Nota: O projeto não está completo devido a falta de tempo (trabalhadora-estudante) e vou melhorar na época de Recurso. O relatório também ainda se encontrava incompleto por isso decidi não o colocar neste repositório por enquanto.
A machine learning system for detecting and preventing prompt injection attacks against AI language models using transformer-based architecture.

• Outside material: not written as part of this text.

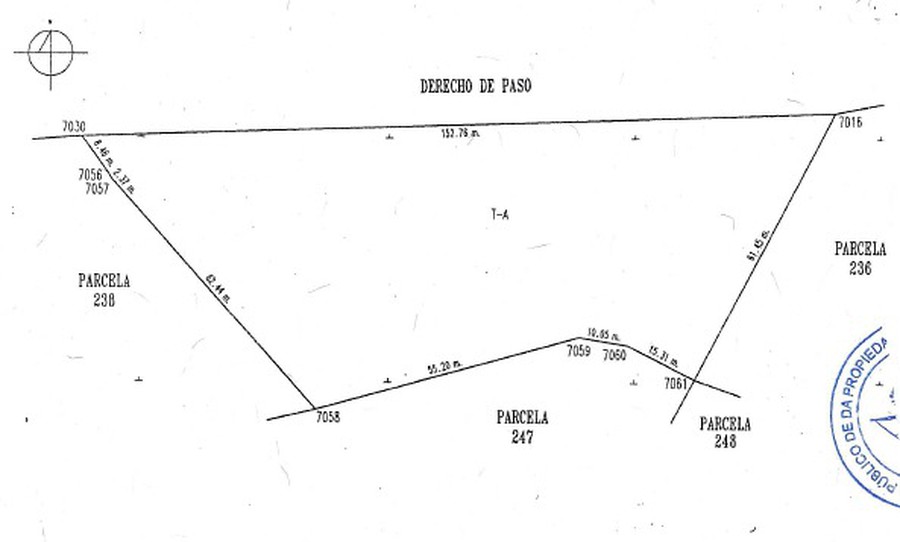 Sur: 80.56 mts. en linea quebrada con parcela 247
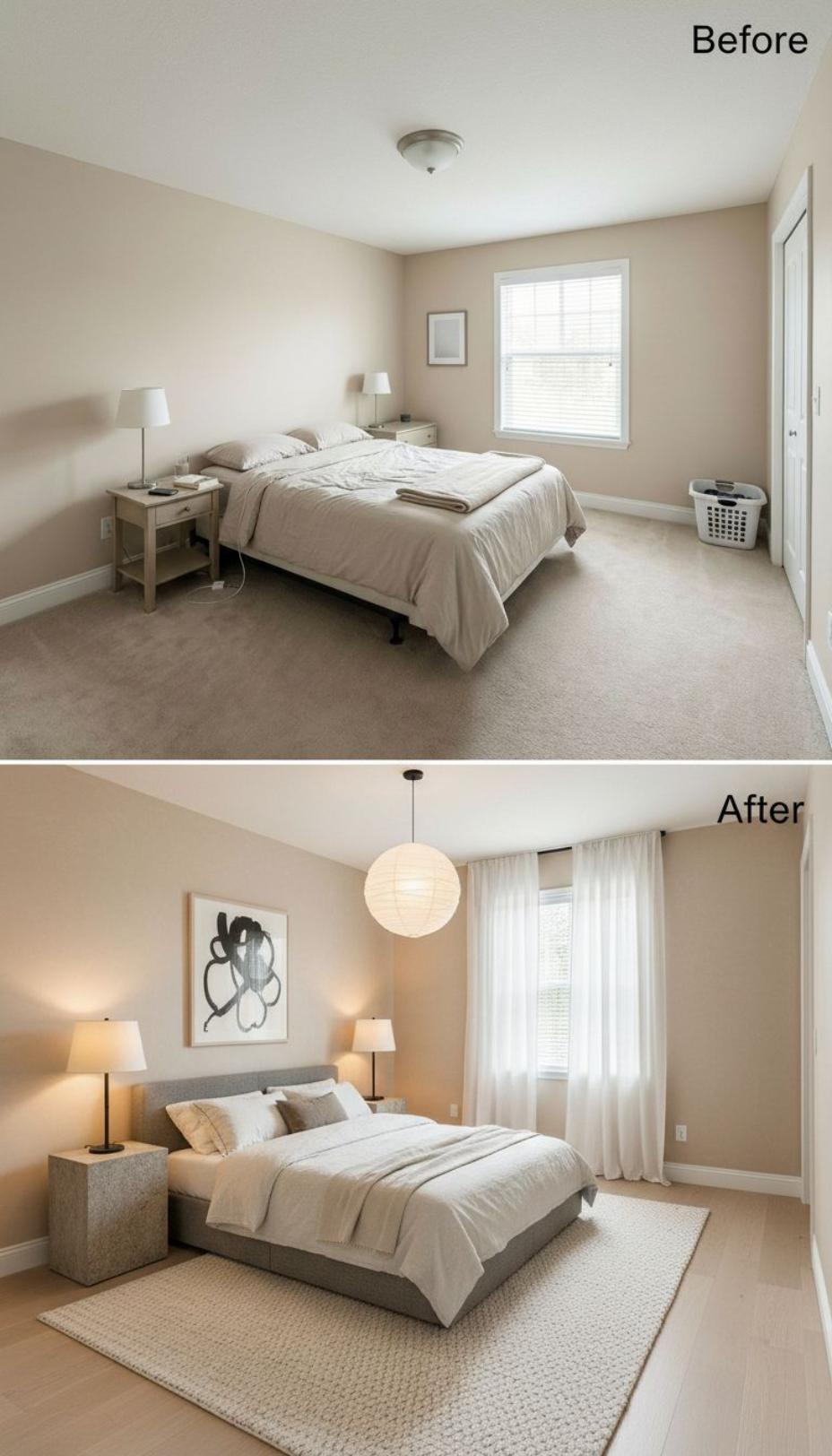 Dramatic transformation elevates this builder grade guest bedroom through strategic design upgrades that maximize visual impact. The previous bland beige space gains sophisticated character with a striking white paper globe pendant light, contemporary gray upholstered platform bed, and flowing white curtain panels that soften the window. Natural jute area rug grounds the neutral palette while abstract black artwork adds artistic flair above the headboard.

This project focuses on detecting prompt injection attacks in large language models (LLMs) using machine learning (ML). With the widespread adoption of LLMs, many systems lack robust input validation, making them vulnerable to attacks that could compromise the Confidentiality, Integrity, and Availability (CIA) of sensitive data. ML is effective for this task as it can identify subtle manipulation attempts by learning from data patterns, rather than relying on predefined rules. Prompt injection, or prompt hacking, manipulates the model's behavior by bypassing safety constraints. By applying ML, my goal is to build a system capable of detecting these complex attack patterns and improving the security of AI-driven systems.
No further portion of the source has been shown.